§ WHAT IS BEING ASKED
After the line containing "で、旧堀田邸です。立派な冠木", copy nothing more; up to and including it, copy every line of the listing exactly from the first, leaving out the pictures.

§ RECORDED INFORMATION
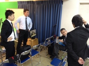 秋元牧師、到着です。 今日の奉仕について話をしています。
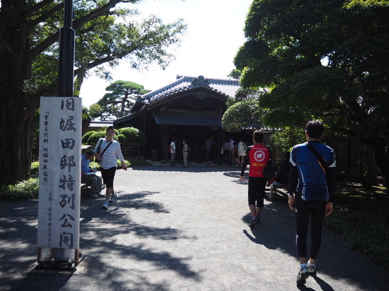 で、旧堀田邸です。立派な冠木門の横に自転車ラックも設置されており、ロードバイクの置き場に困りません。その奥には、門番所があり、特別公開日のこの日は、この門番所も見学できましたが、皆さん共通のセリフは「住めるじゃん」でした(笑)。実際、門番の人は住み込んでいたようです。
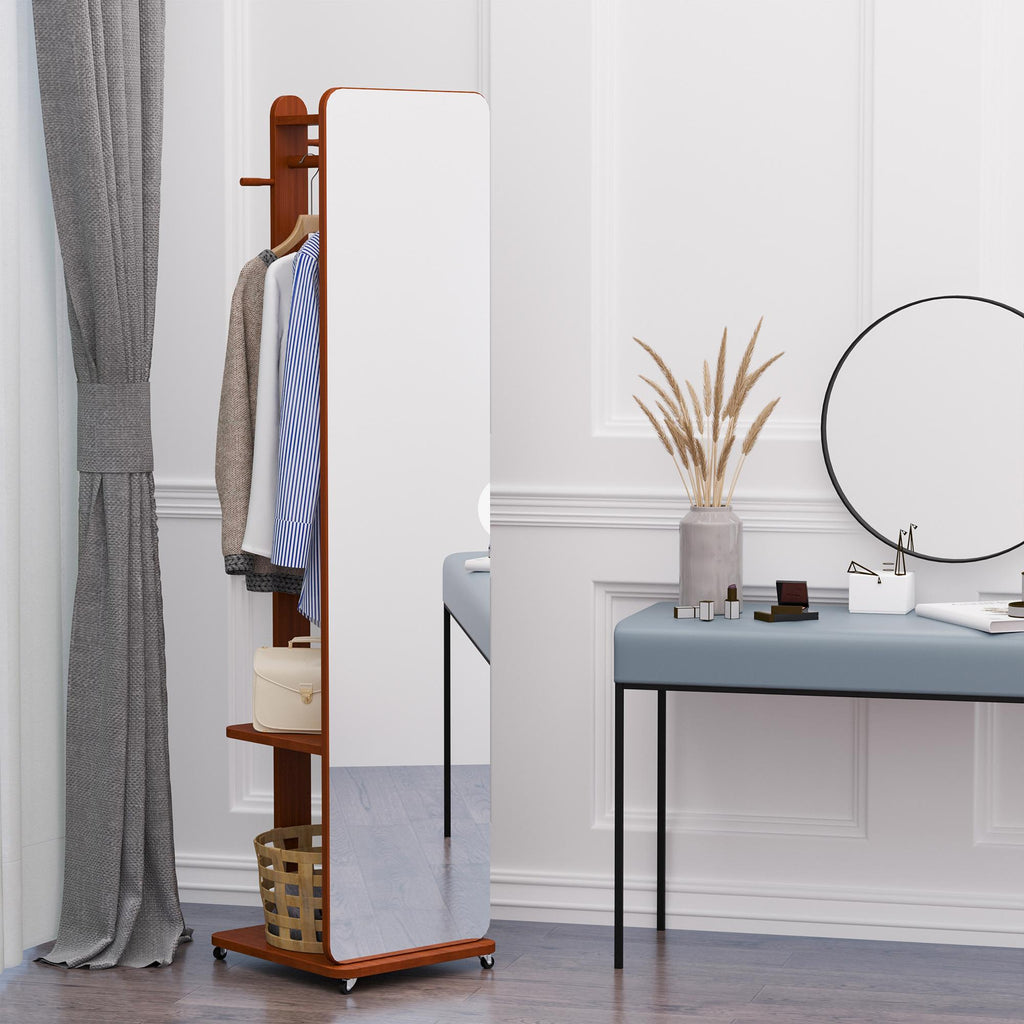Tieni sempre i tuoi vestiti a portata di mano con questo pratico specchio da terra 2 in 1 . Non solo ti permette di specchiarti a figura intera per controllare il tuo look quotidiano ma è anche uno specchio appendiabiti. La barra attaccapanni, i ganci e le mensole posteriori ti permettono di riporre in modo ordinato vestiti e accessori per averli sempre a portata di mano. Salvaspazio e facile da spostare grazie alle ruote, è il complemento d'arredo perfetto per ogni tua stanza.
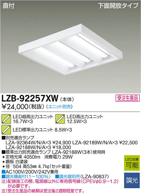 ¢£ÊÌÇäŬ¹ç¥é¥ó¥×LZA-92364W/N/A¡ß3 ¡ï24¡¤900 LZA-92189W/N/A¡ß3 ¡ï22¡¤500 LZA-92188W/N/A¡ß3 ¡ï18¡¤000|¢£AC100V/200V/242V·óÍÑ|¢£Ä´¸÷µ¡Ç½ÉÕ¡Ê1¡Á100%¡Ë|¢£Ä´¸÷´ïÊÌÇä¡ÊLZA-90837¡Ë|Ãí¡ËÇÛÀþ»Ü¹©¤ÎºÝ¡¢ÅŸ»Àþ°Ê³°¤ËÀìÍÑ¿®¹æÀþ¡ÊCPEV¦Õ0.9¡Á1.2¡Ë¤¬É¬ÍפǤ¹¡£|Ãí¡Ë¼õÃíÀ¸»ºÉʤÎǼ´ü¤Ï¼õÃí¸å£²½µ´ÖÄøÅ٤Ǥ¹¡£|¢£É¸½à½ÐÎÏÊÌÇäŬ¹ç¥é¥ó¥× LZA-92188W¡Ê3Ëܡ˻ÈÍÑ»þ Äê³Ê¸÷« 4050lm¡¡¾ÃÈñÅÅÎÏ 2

§ OUTPUT FOR THIS TASK
 秋元牧師、到着です。 今日の奉仕について話をしています。
 で、旧堀田邸です。立派な冠木門の横に自転車ラックも設置されており、ロードバイクの置き場に困りません。その奥には、門番所があり、特別公開日のこの日は、この門番所も見学できましたが、皆さん共通のセリフは「住めるじゃん」でした(笑)。実際、門番の人は住み込んでいたようです。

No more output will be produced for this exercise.